*** RECORDS FOR THIS EXERCISE ***

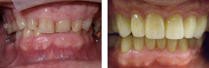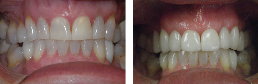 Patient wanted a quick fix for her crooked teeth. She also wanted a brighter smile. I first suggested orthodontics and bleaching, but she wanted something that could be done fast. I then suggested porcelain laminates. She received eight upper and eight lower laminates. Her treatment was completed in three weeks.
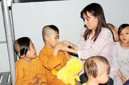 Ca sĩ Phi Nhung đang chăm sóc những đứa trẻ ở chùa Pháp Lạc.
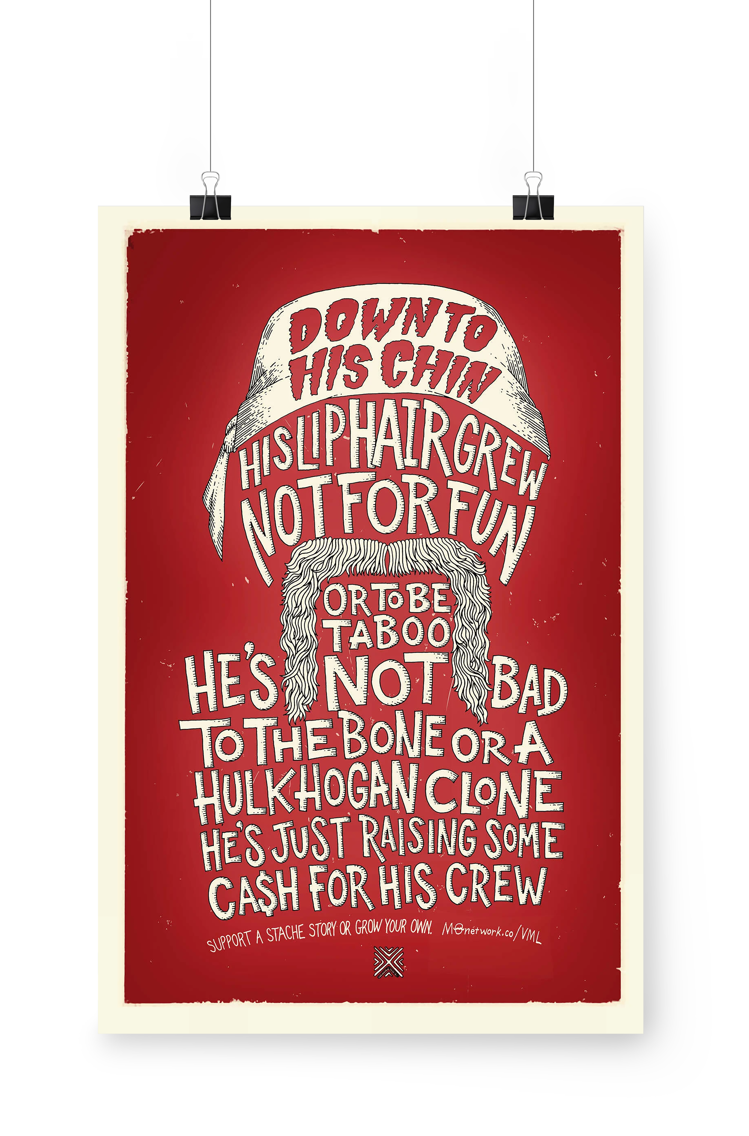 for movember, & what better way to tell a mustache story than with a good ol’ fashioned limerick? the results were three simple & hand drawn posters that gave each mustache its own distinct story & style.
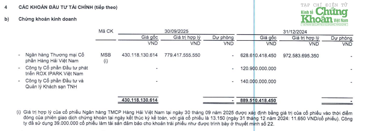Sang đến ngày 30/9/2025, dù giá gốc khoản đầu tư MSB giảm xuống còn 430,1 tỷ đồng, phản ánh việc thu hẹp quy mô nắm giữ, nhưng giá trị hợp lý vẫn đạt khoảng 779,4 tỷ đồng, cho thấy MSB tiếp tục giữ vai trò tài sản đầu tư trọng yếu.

*** End of RECORDS FOR THIS EXERCISE ***
*** RECORDS FOR THIS EXERCISE ***

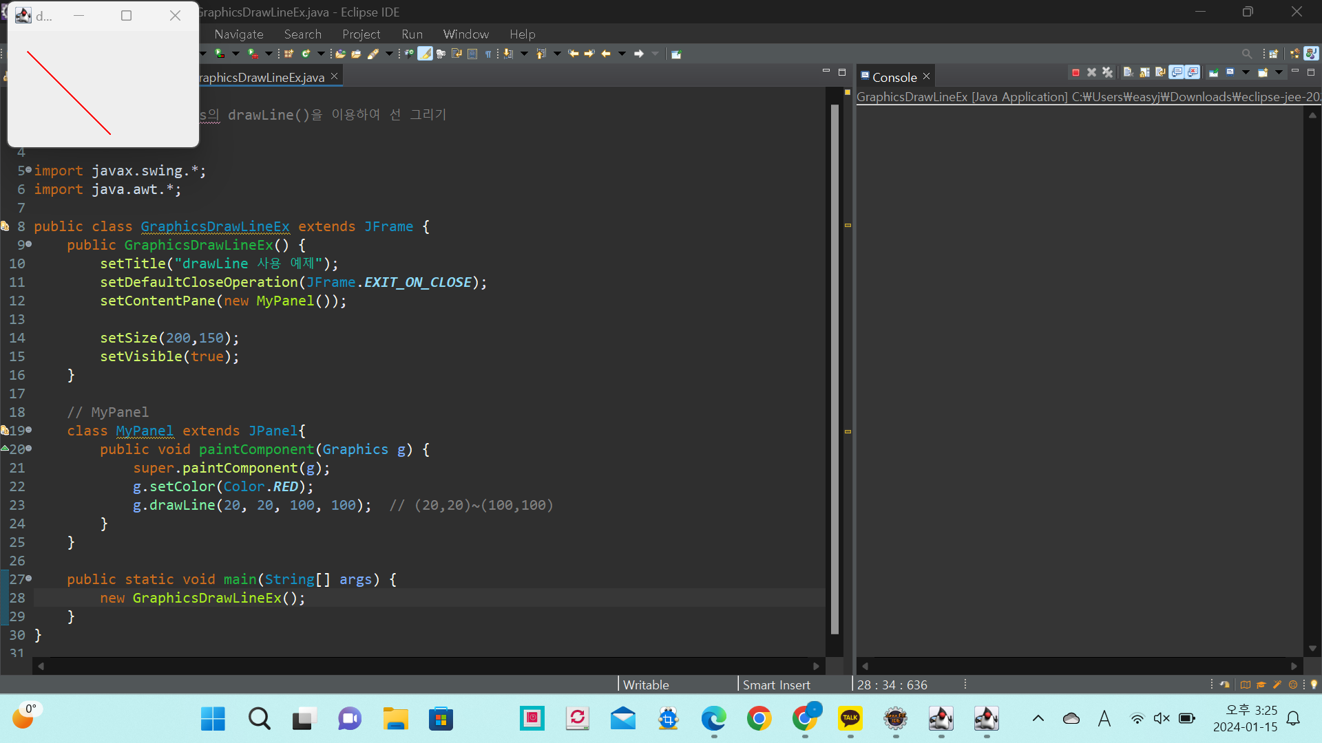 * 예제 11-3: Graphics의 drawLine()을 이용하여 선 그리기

*** End of RECORDS FOR THIS EXERCISE ***

● WHAT TO WORK ON: Although pictures appear among the entries, please set down only the lines from the one with "Patient wanted a" up to and including the one with "Sang đến ngày", word for word.

● TASK RESPONSE:
 Patient wanted a quick fix for her crooked teeth. She also wanted a brighter smile. I first suggested orthodontics and bleaching, but she wanted something that could be done fast. I then suggested porcelain laminates. She received eight upper and eight lower laminates. Her treatment was completed in three weeks.
 Ca sĩ Phi Nhung đang chăm sóc những đứa trẻ ở chùa Pháp Lạc.
 for movember, & what better way to tell a mustache story than with a good ol’ fashioned limerick? the results were three simple & hand drawn posters that gave each mustache its own distinct story & style.
Sang đến ngày 30/9/2025, dù giá gốc khoản đầu tư MSB giảm xuống còn 430,1 tỷ đồng, phản ánh việc thu hẹp quy mô nắm giữ, nhưng giá trị hợp lý vẫn đạt khoảng 779,4 tỷ đồng, cho thấy MSB tiếp tục giữ vai trò tài sản đầu tư trọng yếu.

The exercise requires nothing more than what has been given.